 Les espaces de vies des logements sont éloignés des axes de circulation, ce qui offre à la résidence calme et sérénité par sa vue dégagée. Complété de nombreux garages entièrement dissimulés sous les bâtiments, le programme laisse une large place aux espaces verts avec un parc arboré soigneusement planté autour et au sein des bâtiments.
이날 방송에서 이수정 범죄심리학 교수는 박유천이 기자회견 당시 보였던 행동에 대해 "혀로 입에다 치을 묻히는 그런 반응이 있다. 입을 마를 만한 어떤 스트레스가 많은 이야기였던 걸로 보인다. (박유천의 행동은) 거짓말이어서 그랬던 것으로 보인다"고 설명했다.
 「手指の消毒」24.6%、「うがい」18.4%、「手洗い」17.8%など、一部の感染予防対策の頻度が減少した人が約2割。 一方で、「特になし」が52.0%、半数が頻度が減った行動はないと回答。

---

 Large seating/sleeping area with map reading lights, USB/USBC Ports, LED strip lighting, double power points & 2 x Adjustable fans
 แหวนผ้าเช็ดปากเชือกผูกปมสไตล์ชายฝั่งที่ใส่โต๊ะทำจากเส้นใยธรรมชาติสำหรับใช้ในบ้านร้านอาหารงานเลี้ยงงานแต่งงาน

### TASK ITEM
In the material above, locate the line containing "Large seating/sleeping area" and the line containing "แหวนผ้าเช็ดปาก". Transcribe exactly those two lines and every line between them, and nothing more.

### EXPECTED OUTPUT
 Large seating/sleeping area with map reading lights, USB/USBC Ports, LED strip lighting, double power points & 2 x Adjustable fans
 แหวนผ้าเช็ดปากเชือกผูกปมสไตล์ชายฝั่งที่ใส่โต๊ะทำจากเส้นใยธรรมชาติสำหรับใช้ในบ้านร้านอาหารงานเลี้ยงงานแต่งงาน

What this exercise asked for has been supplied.